Tributo aos Deus Lares, uma Coroa de Sonetos, na definição que o poeta e crítico Geir Campos definiu, dizendo que se trata de uma “composição poética em que o Soneto funciona como Estrofe, aparecendo em número de quinze, dos quais o último é formado pelos quatorze versos finais dos anteriores e estes começam, cada qual, pelo último verso do anterior.” Os poetas populares, das cantorias de viola do Nordeste, menestréis antigos, também se valem da deixa, tomando por empréstimo para suas estrofes o último verso do cantador/contendor. O domínio da arte e da técnica eleva ainda mais a qualidade dos livros de Wagner da Silva Ribeiro.
Para Chompré, no seu clássico Dicionário Abreviado da Fábula para inteligência dos poetas, dos painéis e das estátuas, cujos argumentos são tirados da História Ppoética, traduzido do francês, em Portugal na Régia Oficina Tipográfica, em 1785, Lares, também chamados de Penates, são deuses domésticos. Eram pequenas estátuas, veneradas nas casas. Eram acompanhados de um cachorro, igualmente venerado, sob o nome de Lares familiaris.
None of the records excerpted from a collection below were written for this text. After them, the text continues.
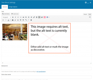 If you don’t remember to enter in the alt tag, the site’s accessibility plugin will give you a very big reminder! If this happens simply delete both images and insert your image again with the alt tag to make the reminder go away.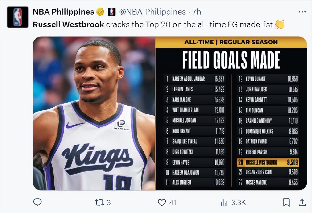此役又是威少的里程碑之夜,他完成生涯9509個運動戰進入聯盟歷史前20。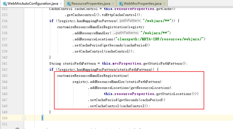 首先我们在 WebMvcAutoConfiguration 类中看到了 SpringMVC 自动化配置的相关的内容,找到了静态资源拦截的配置,如下: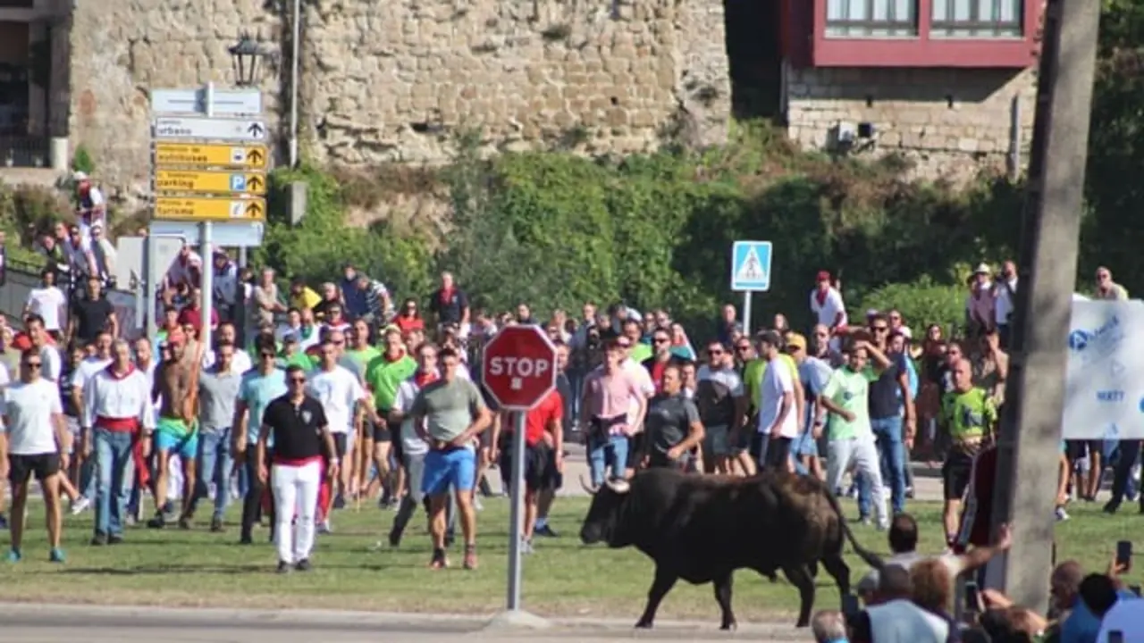 VÍDEO | Un toro derriba una estructura durante un encierro en Medina del Campo y arrolla a varias personas

Havia, também, deuses públicos, que vigiavam os caminhos e as encruzilhadas e em cada cidade havia um deus, chamado Urbani. A celebridade de Enéas teria justificativa por ter salvo os deuses familiares de Tróia. Fustel de Coulanges, no seu também clássico A Cidade Antiga, estudos sobre o culto, o direito e as instituições de Grécia e de Roma (1864) trata dos deuses domésticos, dos Deuses Lares, na tradição dos cultos antigos, atribuindo ao fio condutor da história os mais esclarecedores conhecimentos.
Wagner da Silva Ribeiro toma por empréstimo essa tradição doméstica, íntima, que deusifica a família, para renovar o conhecimento sobre tais divindades, louvando-os pelo seu papel e serviço. É uma forma de recontar a história, envolvida na beleza de versos de sonetos, onde rima e métrica são meras citações, incidentais, na liberdade de escrever com todas as formas da poesia. É também uma evocação contextual, que serve para revisitar os antigos modos de organização social, que interessa hoje (re)conhecer.
Tributo aos Deuses Lares (Aracaju: edição do autor/SERCORE, 2009) de Wagner da Silva Ribeiro é um troféu à inteligência, à cultura, ao fazer intelectual mais refinado e consciente de sua importância.